The optical tube length—the distance between the eyepiece and the objective in use—can differ depending on the microscope. If the microscope has a fixed optical tube length (usually 160 mm), the objectives used should have “160” engraved on them (see Fig. 18.6). On some microscopes, one can change the tube length when placing devices such as a polarizer or a Nomarski prism between the objective and the eyepiece. Use of these devices requires objectives designed for infinity correction or lenses corrected to maintain the tube length of 160 mm optically. Objectives designed for infinity correction have an infinity symbol (∞) engraved on them.

Some objectives are designed to be used with a coverglass. If a coverglass is required, its thickness is engraved on the lens after the optical tube length (e.g., 160/0.17). Objectives that do not use a coverglass are designated with a dash (e.g., ∞/− or 160/−). A third type of objective is designed to be used with or without a coverglass. These objectives have no inscription for coverglass thickness; rather, they have a correction collar on them with which to adjust and fine focus the lens appropriately for either application.

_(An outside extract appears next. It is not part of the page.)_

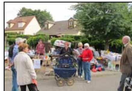
SNL sur la brocante à Janville.

Dans la même logique, nous essayons de mettre en œuvre tout ce qui est possible pour nous faire connaître. Sur ces deux villages, des personnes actives nous aident et sont très ouvertes pour œuvrer avec nous pour que chacun ait « un toit au-dessus de sa tête ».

Objectives are corrected for two types of aberrations: chromatic and spherical. Chromatic aberration occurs because different wavelengths of light bend at different angles after passing through a lens (Fig. 18.7). This results in a specimen image with undesired color fringes. Objectives corrected to bring the red and blue components of white light to the same focus are called achromats and may not have a designation engraved on them. Objectives that bring red, blue, and green light to a common focus are termed apochromats and are identified by the inscription “apo.” Spherical aberration occurs when light rays pass through different parts of the lens and therefore are not brought to the same focus (Fig. 18.8). As a result, the specimen image appears blurred and cannot be focused sharply. Objectives are corrected to bring all light entering the lens, regardless of whether the light is at the center or the periphery, to the same central focus. Achromat objectives are corrected spherically for green light, whereas apochromats are corrected spherically for green and blue light.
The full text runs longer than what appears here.